_THE TASK_. In the records below, the line with "3. Помидоры промыть." and every line after it must be written out exactly; no pictures belong in the result.

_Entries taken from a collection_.
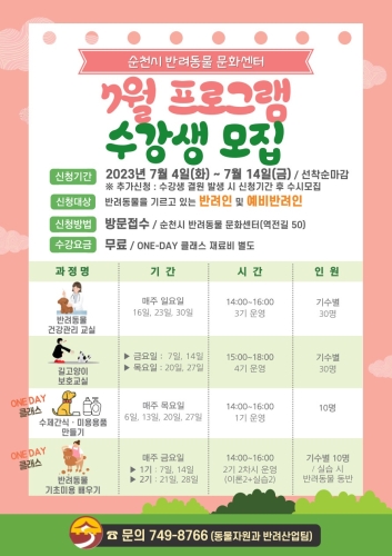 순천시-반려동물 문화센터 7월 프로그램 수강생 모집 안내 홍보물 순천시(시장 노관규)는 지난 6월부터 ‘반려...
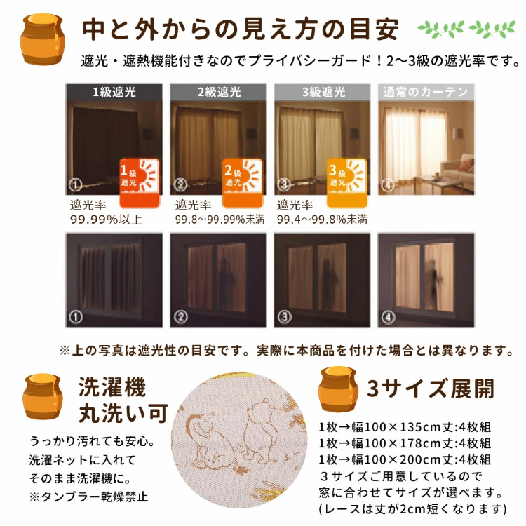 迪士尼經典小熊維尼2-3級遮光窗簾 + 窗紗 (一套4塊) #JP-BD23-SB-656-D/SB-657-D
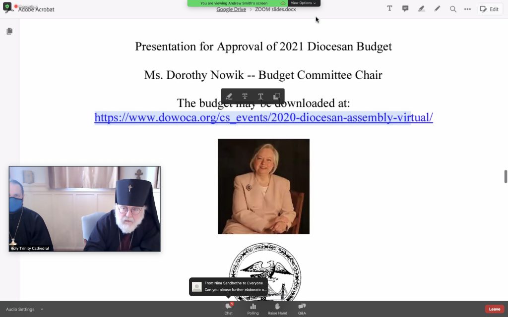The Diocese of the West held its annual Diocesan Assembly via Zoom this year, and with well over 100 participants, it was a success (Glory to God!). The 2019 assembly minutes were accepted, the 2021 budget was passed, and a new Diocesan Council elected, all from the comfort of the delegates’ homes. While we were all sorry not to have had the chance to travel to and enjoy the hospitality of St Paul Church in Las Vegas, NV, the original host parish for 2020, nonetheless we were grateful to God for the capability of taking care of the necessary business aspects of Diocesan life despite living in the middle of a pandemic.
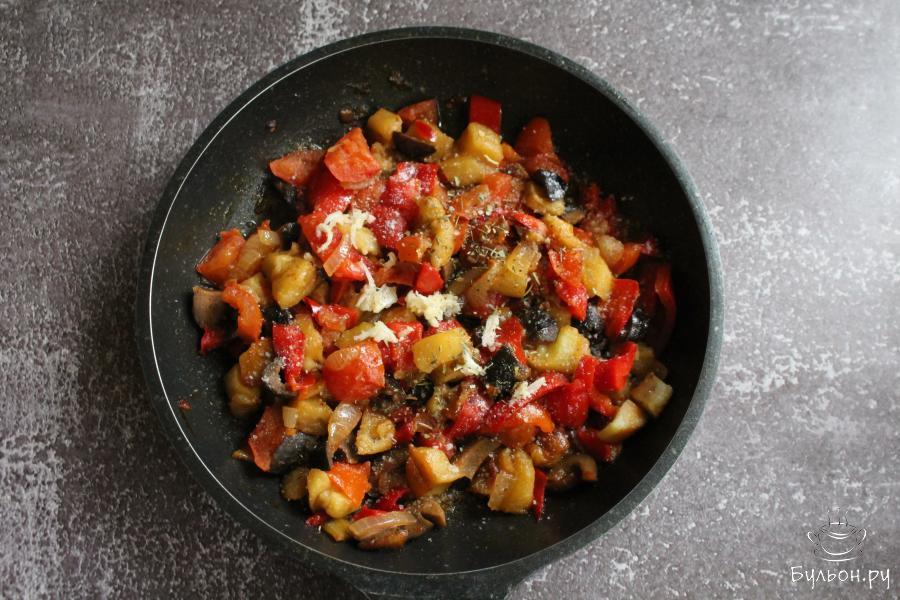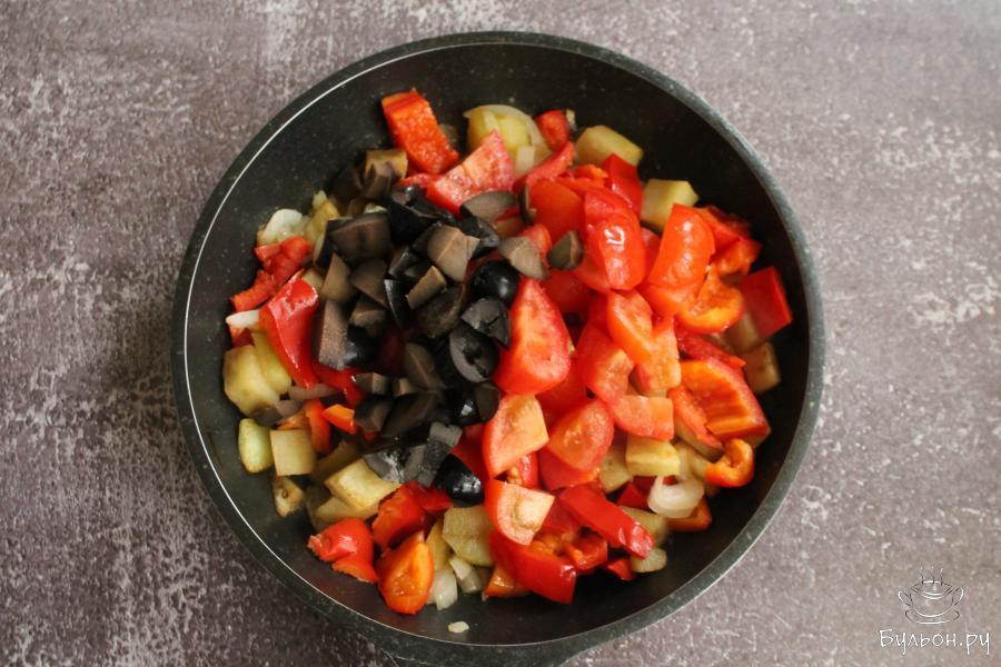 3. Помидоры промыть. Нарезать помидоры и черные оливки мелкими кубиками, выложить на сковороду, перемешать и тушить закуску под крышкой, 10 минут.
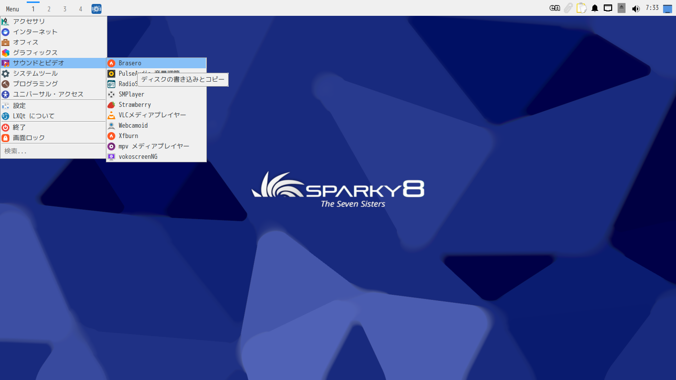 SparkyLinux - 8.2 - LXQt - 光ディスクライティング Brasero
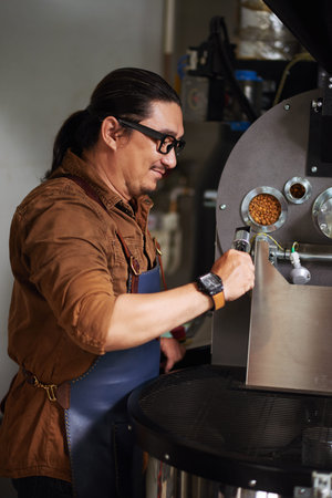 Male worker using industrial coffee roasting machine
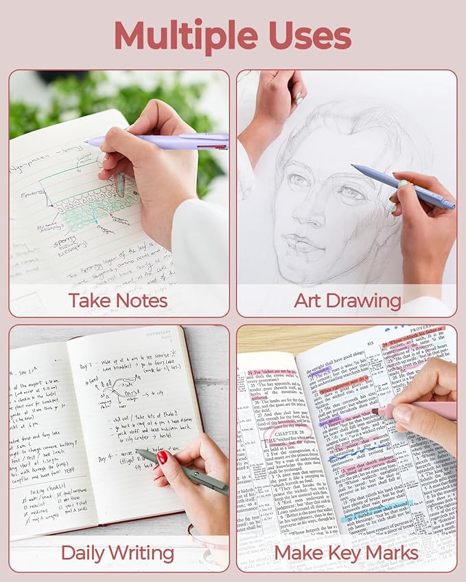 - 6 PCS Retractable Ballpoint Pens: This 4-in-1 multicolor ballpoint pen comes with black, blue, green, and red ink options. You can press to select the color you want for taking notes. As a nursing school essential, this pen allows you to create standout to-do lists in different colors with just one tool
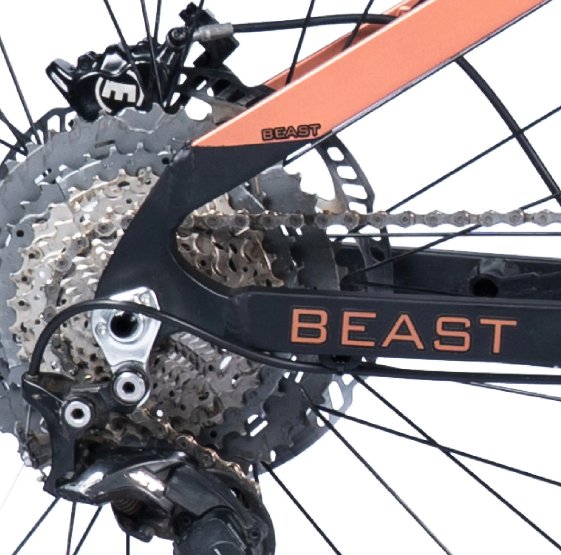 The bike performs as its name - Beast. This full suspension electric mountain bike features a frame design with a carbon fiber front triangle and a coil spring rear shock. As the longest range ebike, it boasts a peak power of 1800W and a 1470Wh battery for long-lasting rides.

_EXPECTED ANSWER_.
 3. Помидоры промыть. Нарезать помидоры и черные оливки мелкими кубиками, выложить на сковороду, перемешать и тушить закуску под крышкой, 10 минут.
 SparkyLinux - 8.2 - LXQt - 光ディスクライティング Brasero
 Male worker using industrial coffee roasting machine
 - 6 PCS Retractable Ballpoint Pens: This 4-in-1 multicolor ballpoint pen comes with black, blue, green, and red ink options. You can press to select the color you want for taking notes. As a nursing school essential, this pen allows you to create standout to-do lists in different colors with just one tool
 The bike performs as its name - Beast. This full suspension electric mountain bike features a frame design with a carbon fiber front triangle and a coil spring rear shock. As the longest range ebike, it boasts a peak power of 1800W and a 1470Wh battery for long-lasting rides.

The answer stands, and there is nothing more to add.